REQUIREMENT: Beginning with the line that holds "Laurel Engraved Wedding", write out each line exactly as it stands until the end of the data, and include no pictures.

EXERCISE DATA:
────

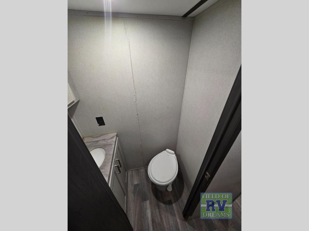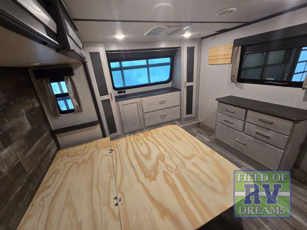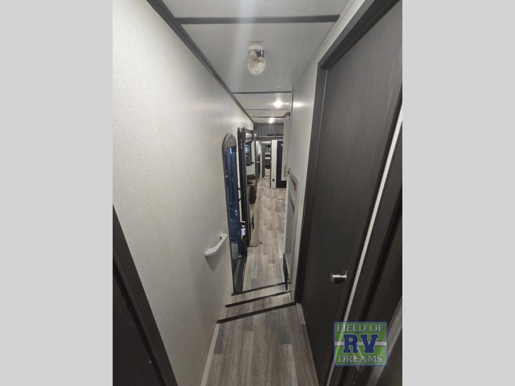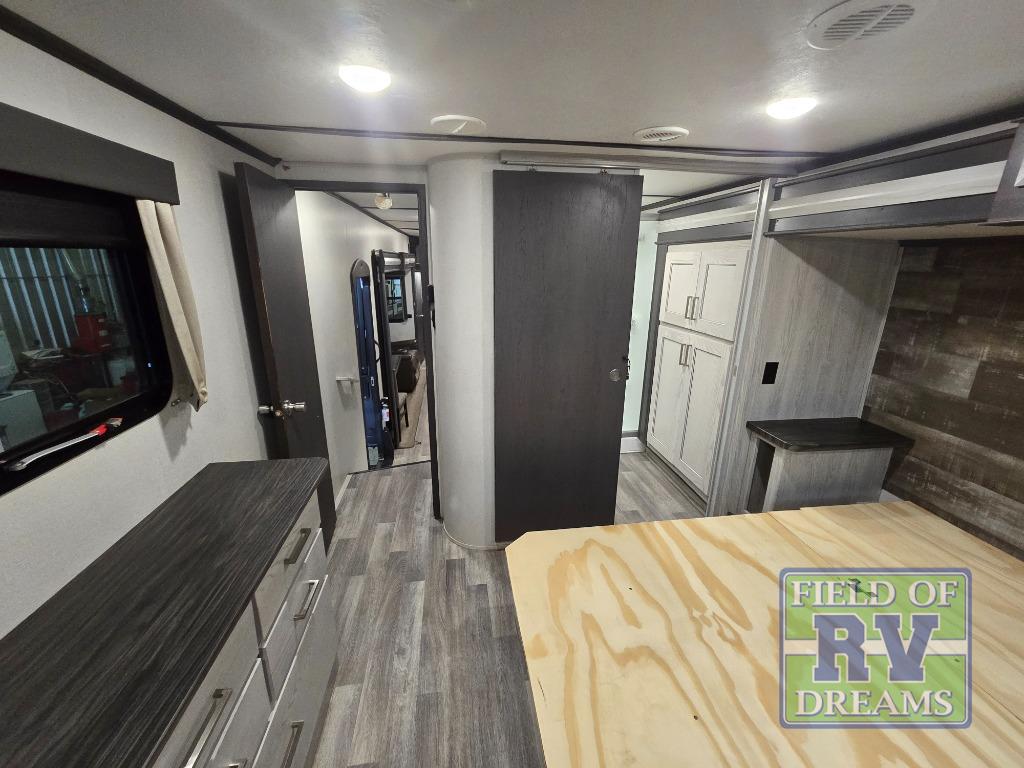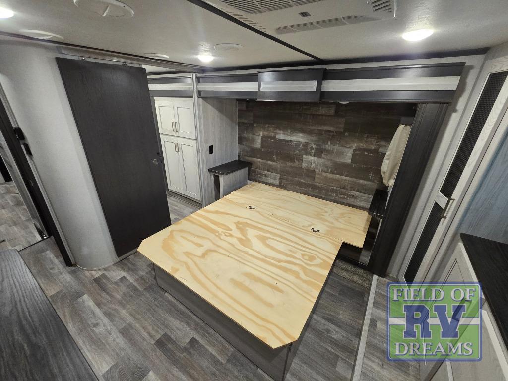 This unique layout allows you to enter into the front living area or straight into the rear private bunkhouse thanks to having two exterior entry/exit doors. The kids will have their own entry as well as bunk beds within a slide out, a half bath, and a wardrobe. There is a loft area above the bunkhouse that includes three bunk mats for more sleeping space. While the kids are playing, the adults can prepare dinner using the range with glass top, enjoy a cold drink together, and relax on the power theater seating. This kitchen is made complete with a center island, a coffee station, a pantry. Mom and dad will enjoy some privacy in the front master suite that includes a queen bed, access into the dual entry bath, and plenty of dresser and closet space for all their clothes.
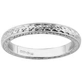 Laurel Engraved Wedding Ring in 18ct White Gold
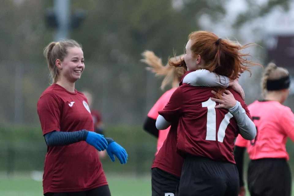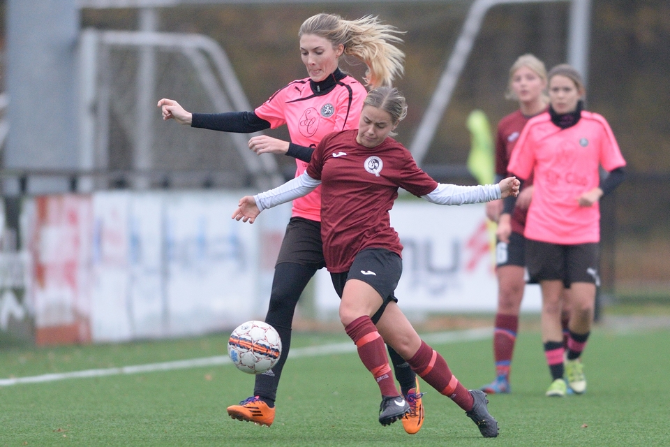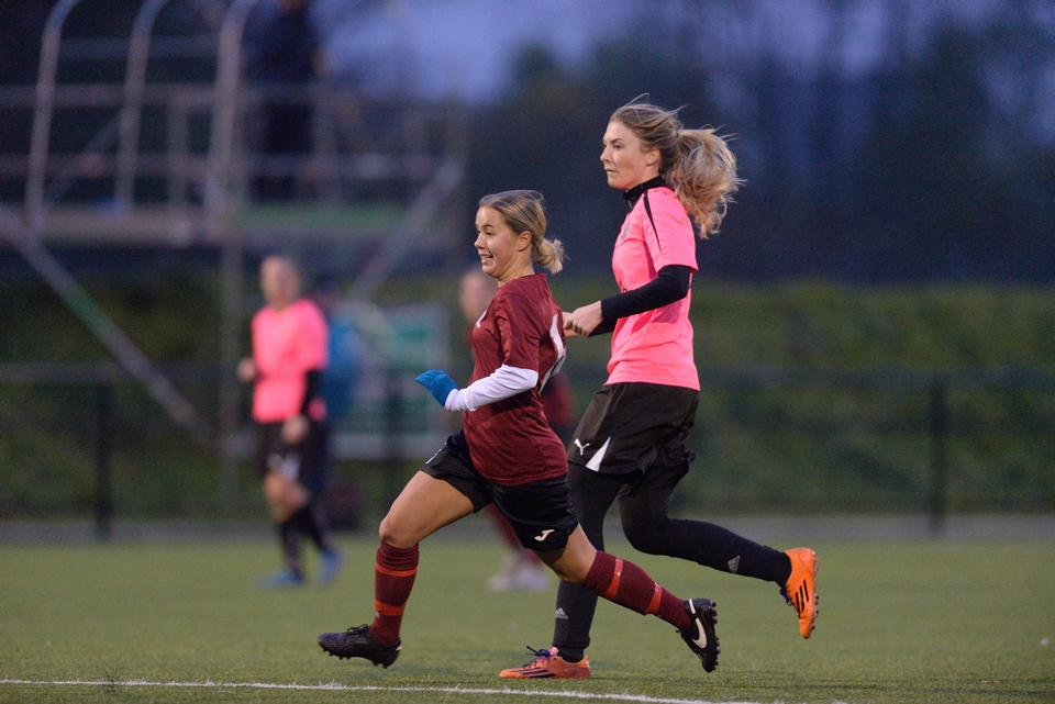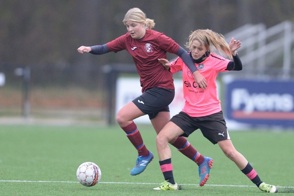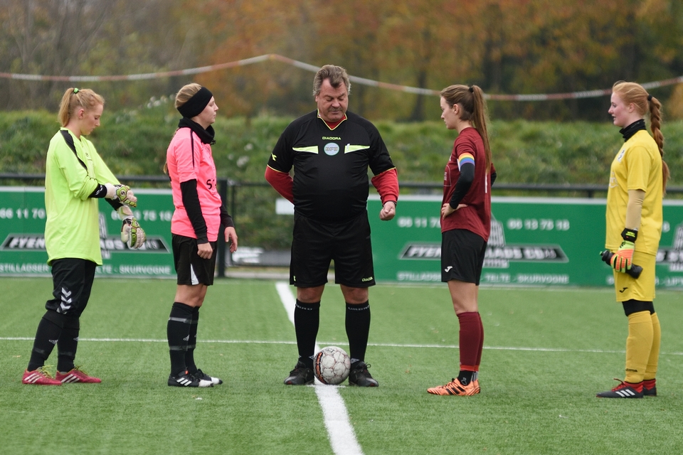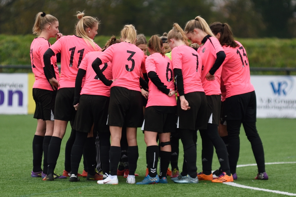 Efter kampen fejrede spillere og trænere det flotte efterår på behørig vis. Spillerne havde selv sat trumf på med guldparykker og T-shirts, der markerede den stilsikre oprykning til Kvindeserien. I den forbindelse skal der lyde en kæmpestor tak til Revisorgården Odense, som hjalp pigerne med at få lavet de flotte T-shirts. Se alle billederne fra kampen og den efterfølgende fejring i galleriet længere nede på siden.

────

WRITTEN RESPONSE:
 Laurel Engraved Wedding Ring in 18ct White Gold
 Efter kampen fejrede spillere og trænere det flotte efterår på behørig vis. Spillerne havde selv sat trumf på med guldparykker og T-shirts, der markerede den stilsikre oprykning til Kvindeserien. I den forbindelse skal der lyde en kæmpestor tak til Revisorgården Odense, som hjalp pigerne med at få lavet de flotte T-shirts. Se alle billederne fra kampen og den efterfølgende fejring i galleriet længere nede på siden.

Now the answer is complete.